◆ Activity ◆
Starting from the line containing "Lomba Cepat Tepat", give again every line through the end of the entries, word for word. Pictures stay out of the copy.

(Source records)
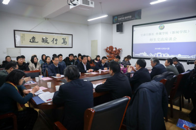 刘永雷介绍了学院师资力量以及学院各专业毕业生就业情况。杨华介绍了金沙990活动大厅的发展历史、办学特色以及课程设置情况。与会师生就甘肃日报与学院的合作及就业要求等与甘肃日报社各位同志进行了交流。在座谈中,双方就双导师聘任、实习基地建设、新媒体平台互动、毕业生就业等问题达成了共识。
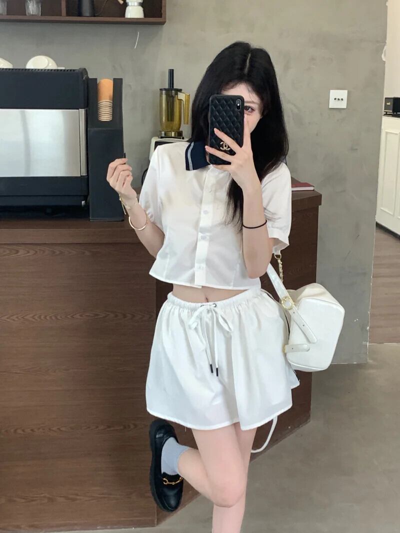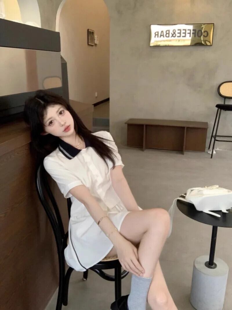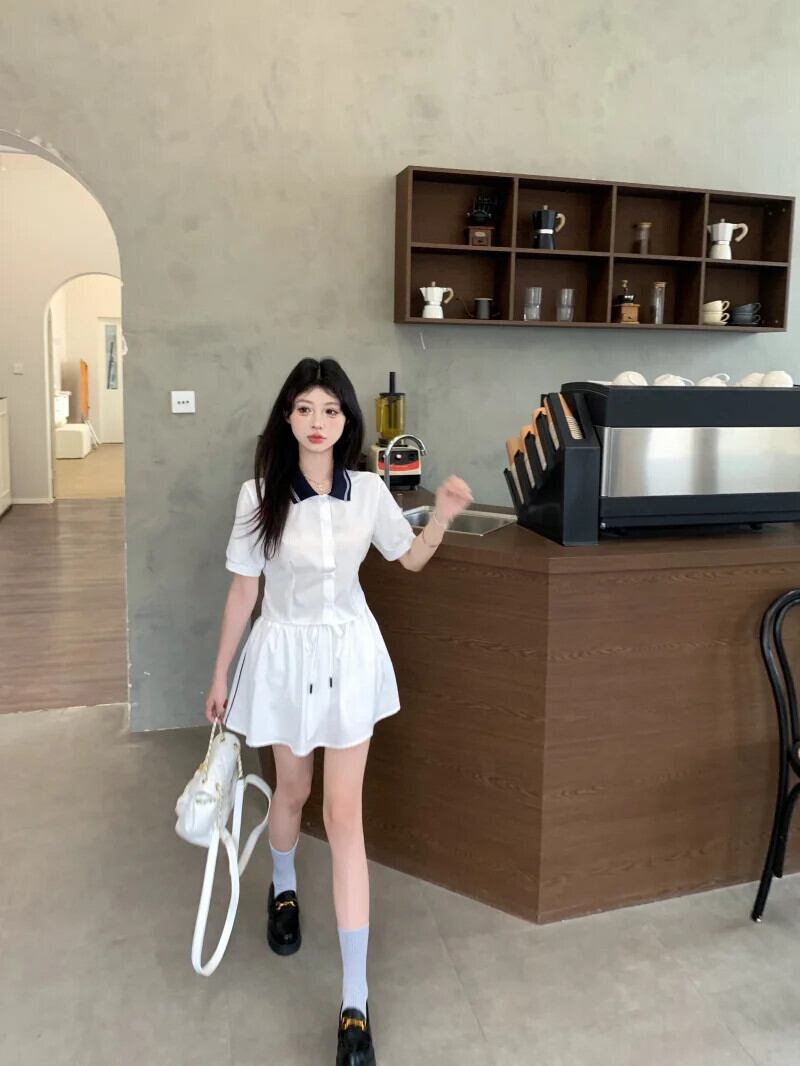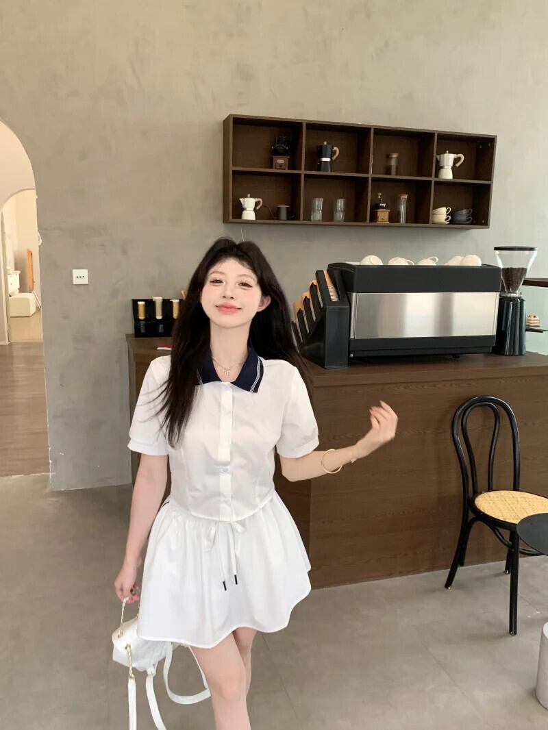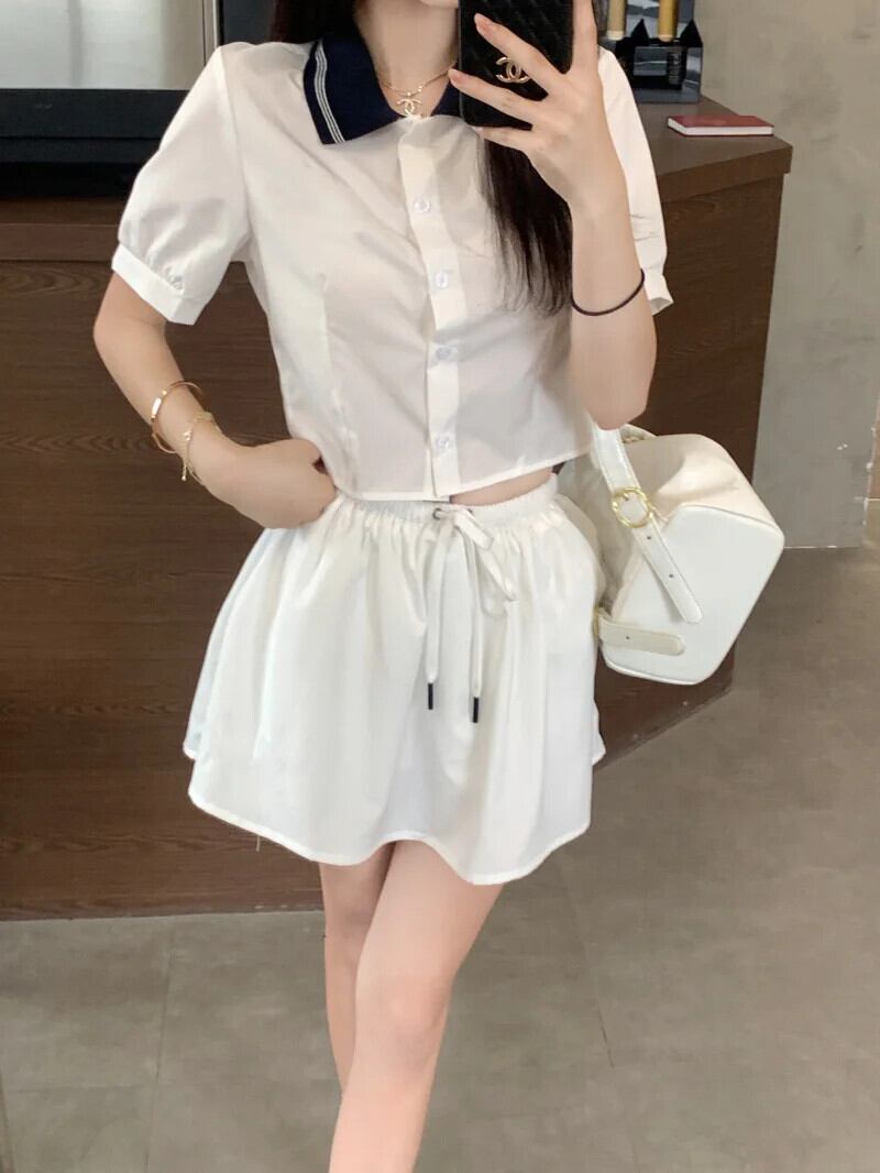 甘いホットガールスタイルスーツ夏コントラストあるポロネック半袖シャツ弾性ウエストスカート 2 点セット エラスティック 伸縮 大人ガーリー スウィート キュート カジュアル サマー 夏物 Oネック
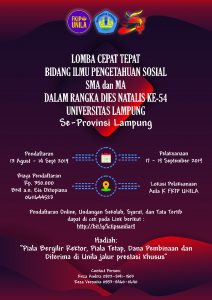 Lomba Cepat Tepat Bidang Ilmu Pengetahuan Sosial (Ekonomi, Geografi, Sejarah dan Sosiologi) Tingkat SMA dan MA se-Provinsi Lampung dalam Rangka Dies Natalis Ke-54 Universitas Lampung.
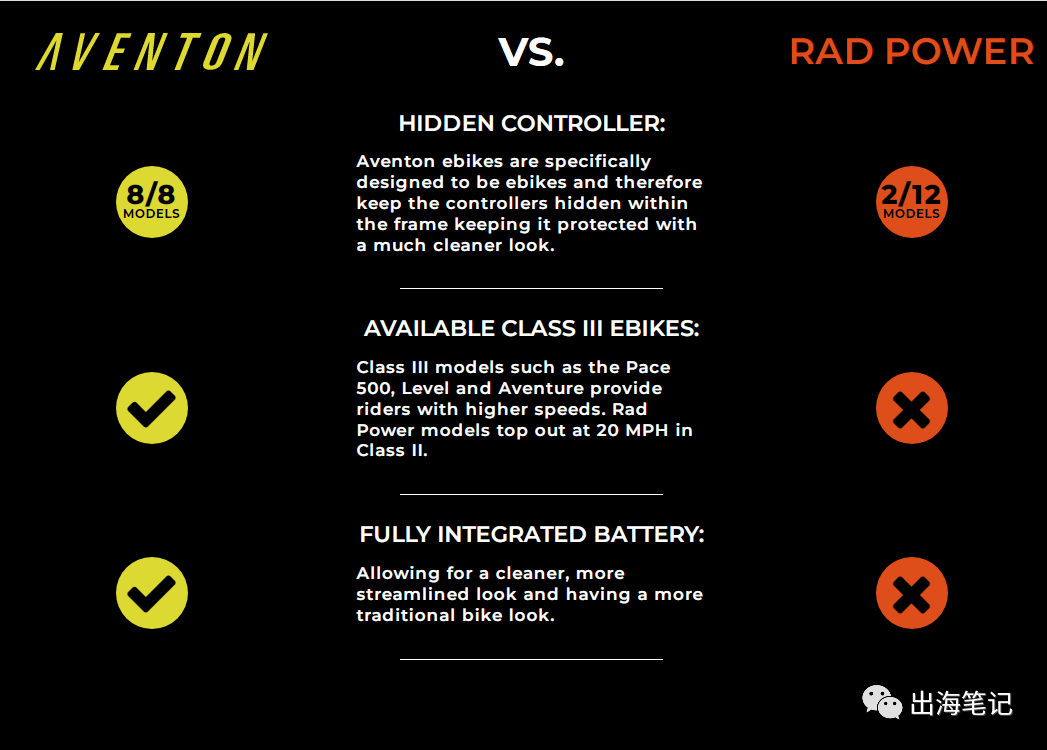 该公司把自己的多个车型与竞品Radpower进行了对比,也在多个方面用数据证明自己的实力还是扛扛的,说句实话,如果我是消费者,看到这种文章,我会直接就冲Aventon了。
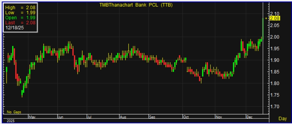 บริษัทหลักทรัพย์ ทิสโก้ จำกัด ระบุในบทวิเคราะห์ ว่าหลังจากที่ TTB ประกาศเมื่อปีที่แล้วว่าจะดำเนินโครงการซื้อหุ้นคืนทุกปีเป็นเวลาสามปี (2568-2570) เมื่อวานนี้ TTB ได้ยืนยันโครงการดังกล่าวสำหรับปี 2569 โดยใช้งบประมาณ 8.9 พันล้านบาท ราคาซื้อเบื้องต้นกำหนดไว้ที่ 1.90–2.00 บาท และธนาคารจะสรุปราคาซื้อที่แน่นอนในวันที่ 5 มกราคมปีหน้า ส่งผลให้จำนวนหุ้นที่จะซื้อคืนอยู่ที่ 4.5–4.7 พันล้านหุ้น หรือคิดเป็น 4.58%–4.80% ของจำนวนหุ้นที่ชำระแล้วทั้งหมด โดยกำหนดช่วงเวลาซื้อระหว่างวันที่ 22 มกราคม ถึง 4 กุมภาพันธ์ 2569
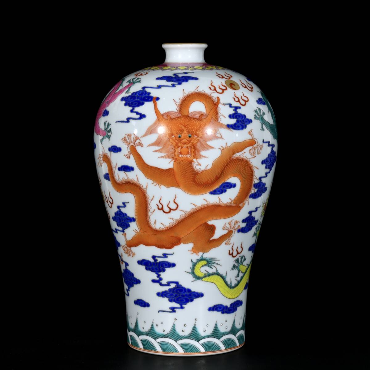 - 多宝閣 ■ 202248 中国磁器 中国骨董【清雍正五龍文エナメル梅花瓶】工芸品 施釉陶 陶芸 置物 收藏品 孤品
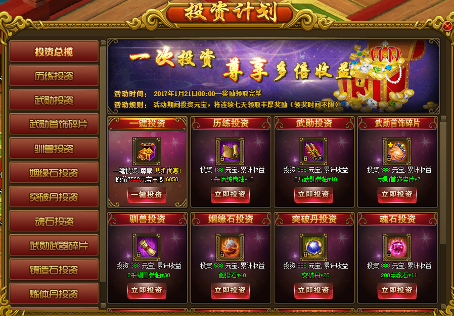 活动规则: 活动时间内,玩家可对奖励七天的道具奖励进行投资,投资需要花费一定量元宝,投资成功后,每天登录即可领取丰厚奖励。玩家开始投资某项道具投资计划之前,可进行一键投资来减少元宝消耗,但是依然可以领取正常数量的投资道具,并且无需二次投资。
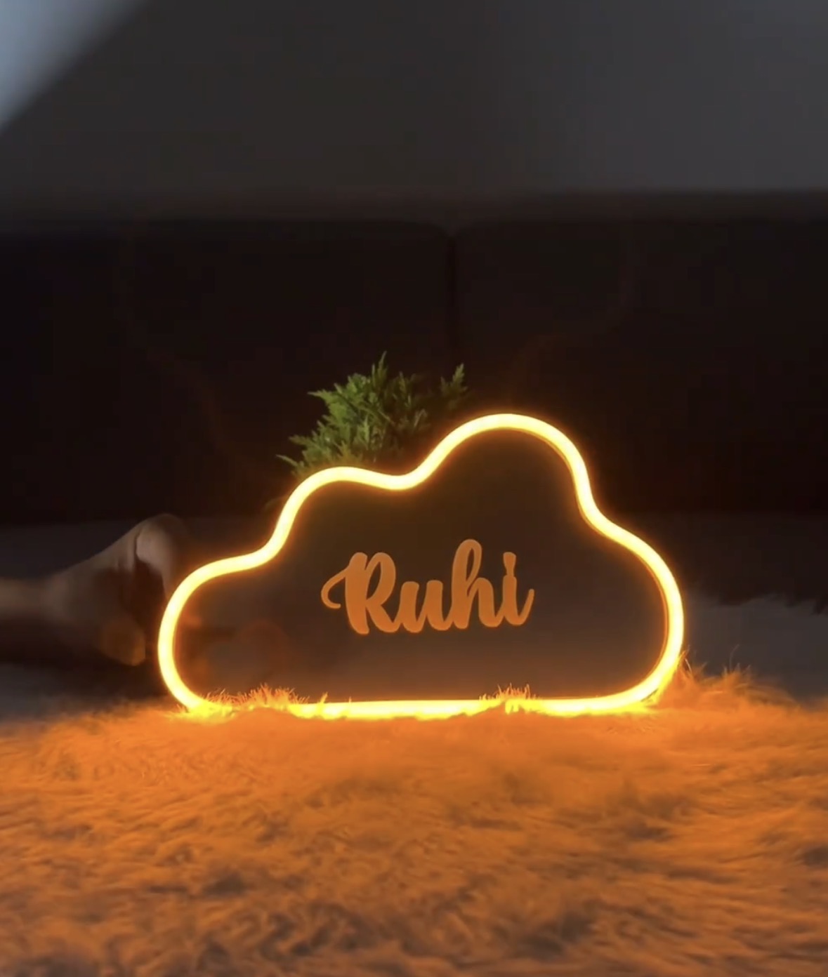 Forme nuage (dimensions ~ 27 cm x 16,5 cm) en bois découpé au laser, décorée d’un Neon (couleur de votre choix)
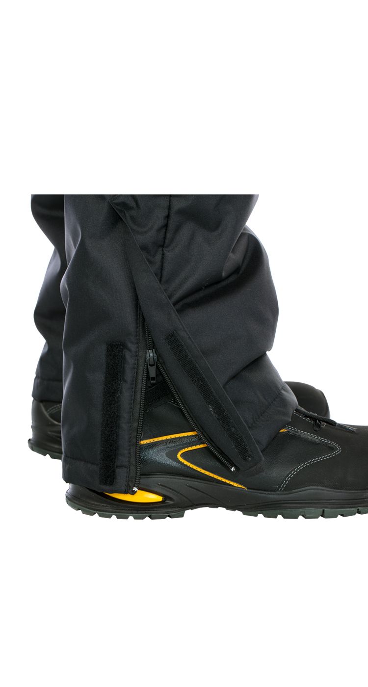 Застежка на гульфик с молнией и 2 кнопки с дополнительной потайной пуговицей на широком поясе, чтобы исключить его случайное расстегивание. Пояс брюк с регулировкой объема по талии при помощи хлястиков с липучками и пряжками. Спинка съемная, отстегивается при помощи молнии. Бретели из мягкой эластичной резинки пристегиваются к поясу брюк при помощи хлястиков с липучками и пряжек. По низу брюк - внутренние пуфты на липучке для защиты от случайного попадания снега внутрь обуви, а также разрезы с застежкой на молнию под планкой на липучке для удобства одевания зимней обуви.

◆ Expected output ◆
 Lomba Cepat Tepat Bidang Ilmu Pengetahuan Sosial (Ekonomi, Geografi, Sejarah dan Sosiologi) Tingkat SMA dan MA se-Provinsi Lampung dalam Rangka Dies Natalis Ke-54 Universitas Lampung.
 该公司把自己的多个车型与竞品Radpower进行了对比,也在多个方面用数据证明自己的实力还是扛扛的,说句实话,如果我是消费者,看到这种文章,我会直接就冲Aventon了。
 บริษัทหลักทรัพย์ ทิสโก้ จำกัด ระบุในบทวิเคราะห์ ว่าหลังจากที่ TTB ประกาศเมื่อปีที่แล้วว่าจะดำเนินโครงการซื้อหุ้นคืนทุกปีเป็นเวลาสามปี (2568-2570) เมื่อวานนี้ TTB ได้ยืนยันโครงการดังกล่าวสำหรับปี 2569 โดยใช้งบประมาณ 8.9 พันล้านบาท ราคาซื้อเบื้องต้นกำหนดไว้ที่ 1.90–2.00 บาท และธนาคารจะสรุปราคาซื้อที่แน่นอนในวันที่ 5 มกราคมปีหน้า ส่งผลให้จำนวนหุ้นที่จะซื้อคืนอยู่ที่ 4.5–4.7 พันล้านหุ้น หรือคิดเป็น 4.58%–4.80% ของจำนวนหุ้นที่ชำระแล้วทั้งหมด โดยกำหนดช่วงเวลาซื้อระหว่างวันที่ 22 มกราคม ถึง 4 กุมภาพันธ์ 2569
 - 多宝閣 ■ 202248 中国磁器 中国骨董【清雍正五龍文エナメル梅花瓶】工芸品 施釉陶 陶芸 置物 收藏品 孤品
 活动规则: 活动时间内,玩家可对奖励七天的道具奖励进行投资,投资需要花费一定量元宝,投资成功后,每天登录即可领取丰厚奖励。玩家开始投资某项道具投资计划之前,可进行一键投资来减少元宝消耗,但是依然可以领取正常数量的投资道具,并且无需二次投资。
 Forme nuage (dimensions ~ 27 cm x 16,5 cm) en bois découpé au laser, décorée d’un Neon (couleur de votre choix)
 Застежка на гульфик с молнией и 2 кнопки с дополнительной потайной пуговицей на широком поясе, чтобы исключить его случайное расстегивание. Пояс брюк с регулировкой объема по талии при помощи хлястиков с липучками и пряжками. Спинка съемная, отстегивается при помощи молнии. Бретели из мягкой эластичной резинки пристегиваются к поясу брюк при помощи хлястиков с липучками и пряжек. По низу брюк - внутренние пуфты на липучке для защиты от случайного попадания снега внутрь обуви, а также разрезы с застежкой на молнию под планкой на липучке для удобства одевания зимней обуви.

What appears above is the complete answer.